Possiamo poi proporci degli obiettivi a breve termine che siano concreti, realizzabili e piacevoli. Ad esempio, se abbiamo deciso di iniziare un regime dietetico con un obiettivo di salute, possiamo pensare che saremo presto in grado andare a correre con gli amici senza avere il fiatone o di indossare un abito che ci piace tanto senza imbarazzo.
Con il giusto esercizio possiamo imparare ad ascoltare il nostro corpo e capire quando ha realmente fame per sostentare le sue necessità.
Dobbiamo anche capire che il piacere è un elemento fondamentale della nostra vita ed è espresso anche nell’alimentazione.

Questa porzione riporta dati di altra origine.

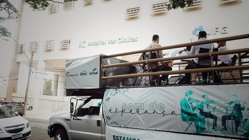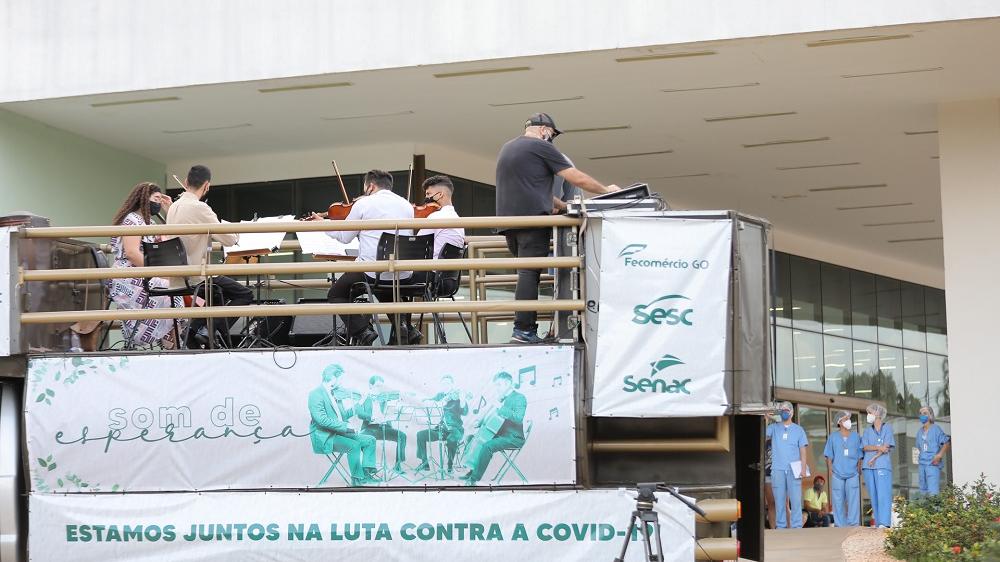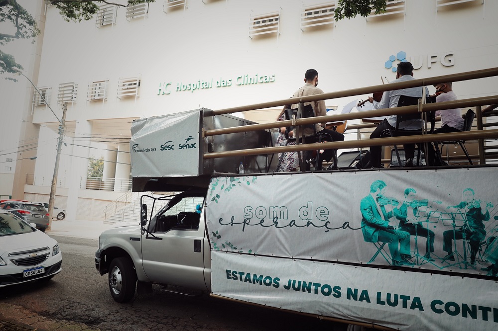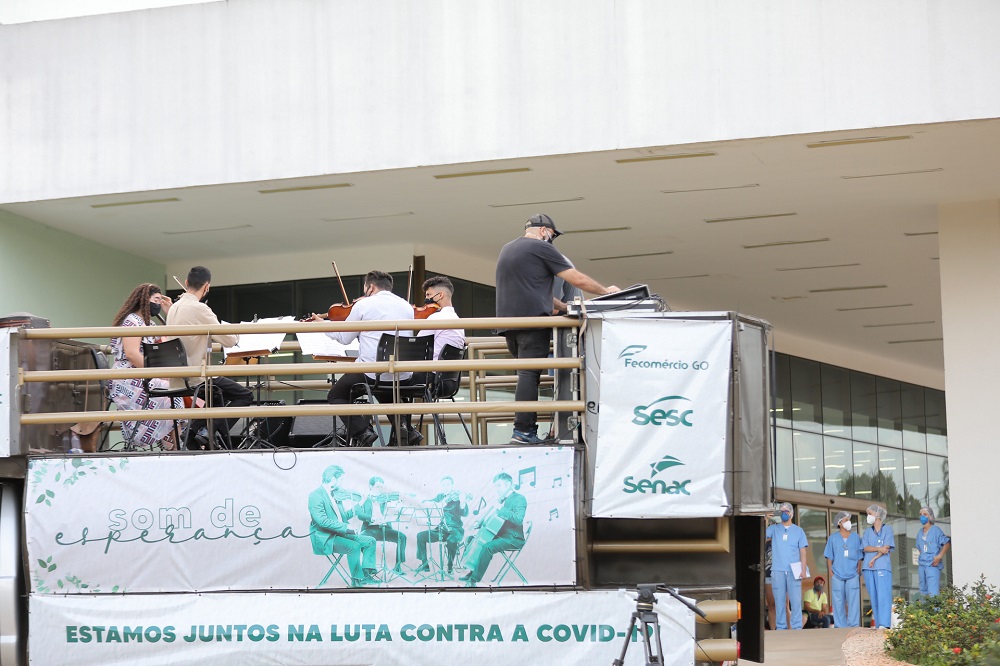 Senac GoiásNo último sábado, dia 3 de abril, véspera da Páscoa, o Sesc e o Senac levaram o Quarteto de Cordas da Orquestra Sinfônica Jovem de Goiás (OSJ) para tocar em frente a hospitais de Goiânia que estão tratando pacientes da Covid-19. A ação Som da Esperança quis levar esse sentimento aos corações dos pacientes, familiares e profissionais que atuam na linha de frente.

E’ importantissimo preservare questo ambito in modo tale che il cibo non sia l’unica fonte di piacere nella nostra vita e viceversa impegnarci nella preparazione del pasto in modo da renderlo piacevole per il nostro gusto.
E in ultimo impariamo che la nostra mente è sempre lei a dire l’ultima parola e ci può permettere di fare le nostre scelte.
In una società nella quale c’è sempre cibo in sovrabbondanza rispetto alle nostre reali necessità legate solo all’aspetto omeostatico del mangiare, il dilemma nella scelta si pone perché i vari aspetti spesso vanno in conflitto fra di loro e l’aspetto edonistico legato al piacere estemporaneo che ci da mangiare un cibo particolarmente appetitoso tende sempre a prevalere rispetto alla ricompensa a lungo termine che l’aspetto cognitivo ci fa riconoscere (ad esempio ridurre il livello di colesterolo nel sangue e quindi ridurre il rischio di eventi cardiovascolari) con il rischio di consumare cibo in eccesso o di scarsa qualità e quindi di andare incontro a patologie come l’obesità o la sindrome metabolica. Viceversa il controllo razionale eccessivo, bassato su convinzioni razionali “salutistiche” a volte radicali (pensiamo alle persone affette da patologie come l’anoressia o l’ortoressia) può prevalere e sovrastare completamente l’aspetto edonistico e omeostatico del mangiare.
Il benessere, come sempre, viene dall’equilibrio. Una preponderanza di una o l’altra delle componenti delle nostre scelte alimentari possono condurci a condizioni patologiche anche gravi.